The CODIS system is not without critics. Some people have argued that mandated collection of DNA samples invades citizens’ privacy. A major part of this objection is the fact that DNA, unlike fingerprints, contains information about its owners’ physical, behavioral, and health characteristics. Critics are concerned about the ways such personal information might ultimately be used by the government. Some people also are concerned that in some states, such as California, DNA information is collected not only from convicted felons but also from some adults and juveniles who are simply charged with certain crimes.
The Challenges of DNA Testing
In addition to legal and ethical disputes, DNA testing also faces practical challenges. The first of these is the great care that must be used in collecting, storing, and analyzing of DNA evidence. With improper handling, DNA evidence can be contaminated easily. There are methods of detecting contamination during analysis; however, contamination makes analyses more difficult and less certain. There have also been cases in which lab employees have engaged in sloppy and improper techniques of handling and analyzing DNA that have resulted in incorrect data.
A second major challenge of DNA analysis is the time and expertise that it requires. Steadily improving technology has simplified and speeded up testing processes. Nonetheless, the demand for DNA analyses far outstrips the equipment and trained personnel of the crime labs that perform the analyses. Most crime labs have long backlogs in their work, and law-enforcement agencies may have to wait several months before they receive the results of the analyses they request. To complicate matters, the DNA evidence awaiting testing is often stored, not at crime labs, but rather at the law-enforcement agencies, which typically lack the facilities for proper storage. This fact increases the chance of evidence becoming contaminated or degraded.
Other Uses for DNA Testing
In addition to matching suspects to crime scenes, DNA testing has found other important uses in the legal system.

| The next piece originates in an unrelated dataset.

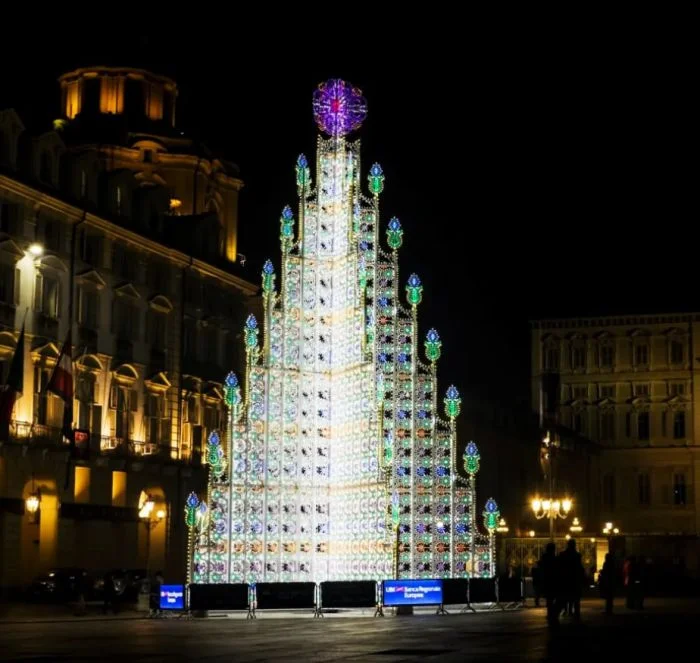 Эта необычная ёлка сделана из специальных трубок, изготовленных из муранского стекла. Подобные новогодние украшения популярны во многих частях Италии. Их довольно часто можно встретить на улицах во время зимних праздников.

As often as it is used to identify offenders, it is used at least equally often to prove that suspects have not committed crimes. In 1992, the Innocence Project was created at Yeshiva University’s Benjamin N. Cardozo Law School in New York City. By 2023, the Innocence Project had used DNA testing to prove the innocence of 575 people who had been convicted of serious crimes. Under new laws, states must now allow certain convicted prisoners access to DNA testing if there is any chance that it might help prove their innocence.

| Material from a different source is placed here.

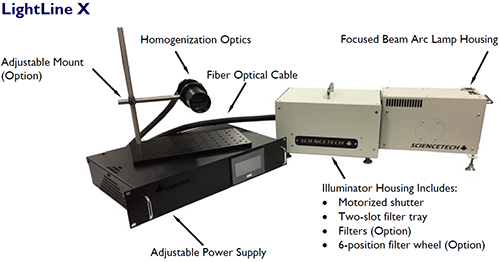 | -PM90 | 100-8060 | A stand/fiber holder designed to hold the LightLine optical illumination delivery fiber. Fiber holder position is adjustable for vertical and horizontal illumination and any angle in-between. Includes a sturdy baseplate. |

DNA testing is also widely used to establish paternity; that is, to determine whether two particular people are blood relatives. An instance of paternity testing that captured world headlines occurred after Asia’s devastating tsunami in late 2004. In Sri Lanka, it was reported that nine different families claimed the same four-month-old infant who was found in the debris of the tsunami. DNA testing was used to identify his actual parents, with whom he was reunited. During large-scale disasters such as the Asian tsunami and the September 11, 2001, destruction of New York City’s World Trade Center, DNA testing has been used to identify human remains. DNA evidence can also be used to identify human remains in missing persons cases or whenever human remains are discovered.